### TASK TO CARRY OUT
All lines from the one containing "KODO」と書かれた道標の路面シートを95か所に設置した=写真。 世界遺産登録20周年に向けて、熊野古道... 続きを読む" to the end of the listing below should be output exactly; omit the pictures.

### SUPPLIED INFORMATION
⟨
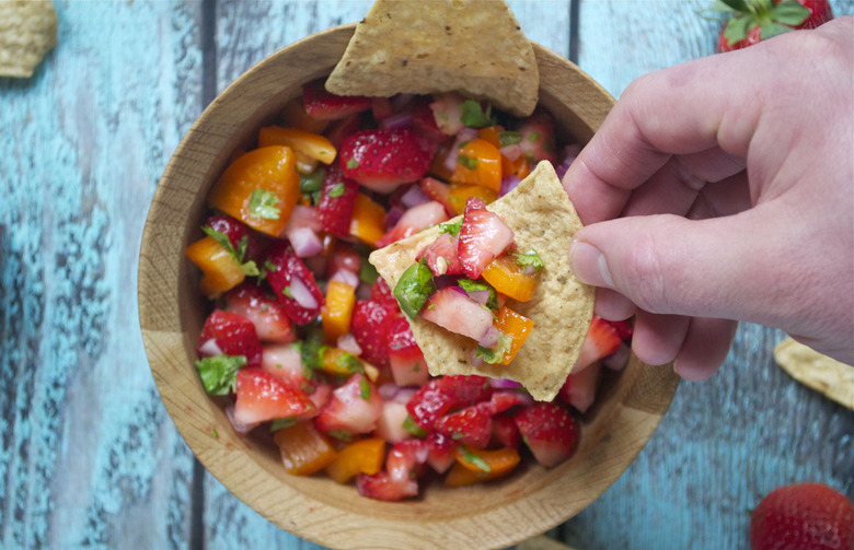 This recipe has acidity, spice, and sweetness — everything you require in an afternoon snack. This salsa has many of the same ingredients as tomato-based salsa: cilantro, onions, lemon juice, and garlic. Just omit the tomatoes and add in strawberries. Enjoy with chips or use as a topping for fish or chicken. Click here for the recipe.
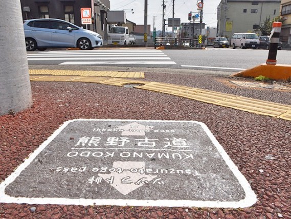 紀北町はこのほど、町内にある熊野古道の5つの峠をつなごうと、「熊野古道/KUMANO KODO」と書かれた道標の路面シートを95か所に設置した=写真。 世界遺産登録20周年に向けて、熊野古道... 続きを読む
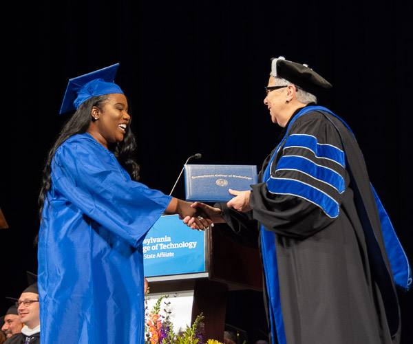 Taylor A. Krow, a radiography graduate – who, along with the day's student speaker, was a Wildcat "Athlete of the Year" – accepts best wishes from President Davie Jane Gilmour.
⟩
### REPLY
 紀北町はこのほど、町内にある熊野古道の5つの峠をつなごうと、「熊野古道/KUMANO KODO」と書かれた道標の路面シートを95か所に設置した=写真。 世界遺産登録20周年に向けて、熊野古道... 続きを読む
 Taylor A. Krow, a radiography graduate – who, along with the day's student speaker, was a Wildcat "Athlete of the Year" – accepts best wishes from President Davie Jane Gilmour.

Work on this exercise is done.